* [Your objective] Return the following from the records below: each line, word for word, starting with the line that contains "1. 吸(xi)水防潮(ch" and going on through the line that contains "根據聲音有無,就可以判定探測線圈下面是否有金屬物體了。", with nothing outside that range.

(Extracted records)
──────────────────────────────

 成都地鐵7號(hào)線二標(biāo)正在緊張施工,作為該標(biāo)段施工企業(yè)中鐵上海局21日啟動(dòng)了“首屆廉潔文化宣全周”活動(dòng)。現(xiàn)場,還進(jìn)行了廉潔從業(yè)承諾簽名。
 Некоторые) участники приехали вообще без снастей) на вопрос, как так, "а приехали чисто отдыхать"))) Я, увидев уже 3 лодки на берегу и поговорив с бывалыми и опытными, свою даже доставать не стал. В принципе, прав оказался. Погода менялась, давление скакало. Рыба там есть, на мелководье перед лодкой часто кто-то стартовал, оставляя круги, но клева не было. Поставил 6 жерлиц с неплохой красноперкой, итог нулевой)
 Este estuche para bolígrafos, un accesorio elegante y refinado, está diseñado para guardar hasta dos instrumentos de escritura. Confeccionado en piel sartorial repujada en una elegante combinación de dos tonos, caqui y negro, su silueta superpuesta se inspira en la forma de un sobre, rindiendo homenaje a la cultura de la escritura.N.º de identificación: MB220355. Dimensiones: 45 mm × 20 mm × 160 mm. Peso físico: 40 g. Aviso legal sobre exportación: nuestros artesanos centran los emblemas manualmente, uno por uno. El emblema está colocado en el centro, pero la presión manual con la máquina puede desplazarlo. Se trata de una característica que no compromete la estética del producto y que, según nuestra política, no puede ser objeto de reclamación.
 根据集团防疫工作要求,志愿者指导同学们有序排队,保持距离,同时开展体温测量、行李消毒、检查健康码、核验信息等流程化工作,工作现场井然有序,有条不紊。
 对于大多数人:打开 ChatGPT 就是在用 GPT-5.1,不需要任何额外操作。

──────────────────────────────

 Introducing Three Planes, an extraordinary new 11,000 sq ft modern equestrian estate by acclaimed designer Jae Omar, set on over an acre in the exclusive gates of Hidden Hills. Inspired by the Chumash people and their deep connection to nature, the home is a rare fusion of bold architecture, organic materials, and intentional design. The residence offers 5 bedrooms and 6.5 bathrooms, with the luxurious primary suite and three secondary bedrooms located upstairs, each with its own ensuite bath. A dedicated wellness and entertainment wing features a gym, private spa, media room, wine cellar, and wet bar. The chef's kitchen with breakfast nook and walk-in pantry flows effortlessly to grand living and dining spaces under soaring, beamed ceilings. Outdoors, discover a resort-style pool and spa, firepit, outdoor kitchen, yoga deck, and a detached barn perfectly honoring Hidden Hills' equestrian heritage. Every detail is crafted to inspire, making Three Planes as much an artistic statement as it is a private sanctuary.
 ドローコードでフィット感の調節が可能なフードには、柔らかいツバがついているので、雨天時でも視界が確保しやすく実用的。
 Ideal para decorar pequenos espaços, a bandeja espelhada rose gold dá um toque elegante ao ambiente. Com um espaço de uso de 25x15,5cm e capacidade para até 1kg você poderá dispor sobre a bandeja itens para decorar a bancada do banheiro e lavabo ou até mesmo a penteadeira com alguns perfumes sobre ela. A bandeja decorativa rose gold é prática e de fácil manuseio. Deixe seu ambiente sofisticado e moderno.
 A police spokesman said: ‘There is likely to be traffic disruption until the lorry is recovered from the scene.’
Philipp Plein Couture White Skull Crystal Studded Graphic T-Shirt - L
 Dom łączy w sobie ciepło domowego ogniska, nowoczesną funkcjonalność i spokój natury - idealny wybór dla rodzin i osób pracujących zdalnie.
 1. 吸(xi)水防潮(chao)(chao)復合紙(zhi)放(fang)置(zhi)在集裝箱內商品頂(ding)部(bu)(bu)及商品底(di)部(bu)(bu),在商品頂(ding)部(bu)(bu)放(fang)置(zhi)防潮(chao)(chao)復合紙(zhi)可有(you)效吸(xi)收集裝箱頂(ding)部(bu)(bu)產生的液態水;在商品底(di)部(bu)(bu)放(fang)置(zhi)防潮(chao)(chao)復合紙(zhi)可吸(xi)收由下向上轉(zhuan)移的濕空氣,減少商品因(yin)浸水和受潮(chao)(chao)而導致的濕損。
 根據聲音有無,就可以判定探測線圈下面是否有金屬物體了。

──────────────────────────────

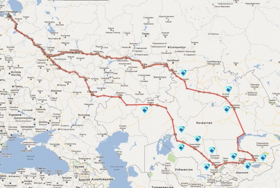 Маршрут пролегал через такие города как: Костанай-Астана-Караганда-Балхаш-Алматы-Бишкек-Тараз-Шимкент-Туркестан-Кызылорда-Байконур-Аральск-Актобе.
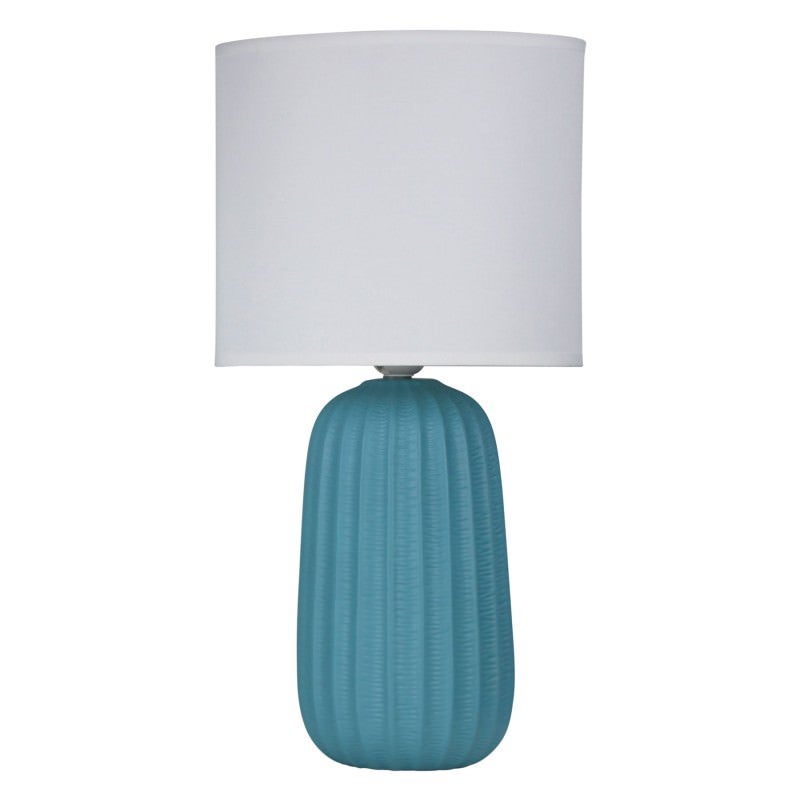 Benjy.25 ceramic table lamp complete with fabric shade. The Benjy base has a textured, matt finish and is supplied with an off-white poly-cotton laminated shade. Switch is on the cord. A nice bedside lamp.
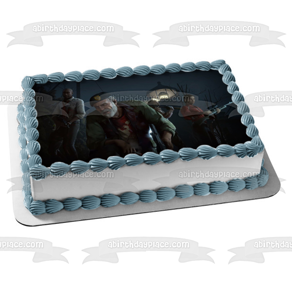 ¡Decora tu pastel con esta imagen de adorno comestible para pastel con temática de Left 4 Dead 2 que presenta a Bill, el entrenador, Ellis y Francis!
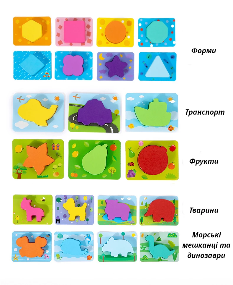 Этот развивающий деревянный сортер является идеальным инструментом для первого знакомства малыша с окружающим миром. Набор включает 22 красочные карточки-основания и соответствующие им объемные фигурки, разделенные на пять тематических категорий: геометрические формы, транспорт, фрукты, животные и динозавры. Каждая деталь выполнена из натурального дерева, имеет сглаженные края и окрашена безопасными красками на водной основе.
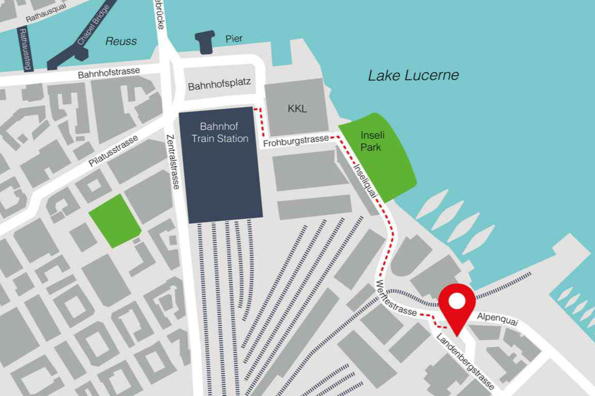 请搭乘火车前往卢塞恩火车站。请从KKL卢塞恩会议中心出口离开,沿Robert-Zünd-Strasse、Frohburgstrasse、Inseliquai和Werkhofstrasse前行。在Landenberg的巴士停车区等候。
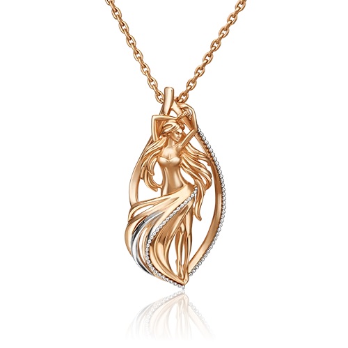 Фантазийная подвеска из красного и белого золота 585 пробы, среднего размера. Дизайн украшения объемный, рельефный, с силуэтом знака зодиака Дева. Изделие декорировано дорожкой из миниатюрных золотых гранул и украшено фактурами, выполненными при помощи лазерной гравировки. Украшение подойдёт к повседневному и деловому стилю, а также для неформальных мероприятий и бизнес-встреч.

──────────────────────────────

* [Answer box]
 1. 吸(xi)水防潮(chao)(chao)復合紙(zhi)放(fang)置(zhi)在集裝箱內商品頂(ding)部(bu)(bu)及商品底(di)部(bu)(bu),在商品頂(ding)部(bu)(bu)放(fang)置(zhi)防潮(chao)(chao)復合紙(zhi)可有(you)效吸(xi)收集裝箱頂(ding)部(bu)(bu)產生的液態水;在商品底(di)部(bu)(bu)放(fang)置(zhi)防潮(chao)(chao)復合紙(zhi)可吸(xi)收由下向上轉(zhuan)移的濕空氣,減少商品因(yin)浸水和受潮(chao)(chao)而導致的濕損。
 根據聲音有無,就可以判定探測線圈下面是否有金屬物體了。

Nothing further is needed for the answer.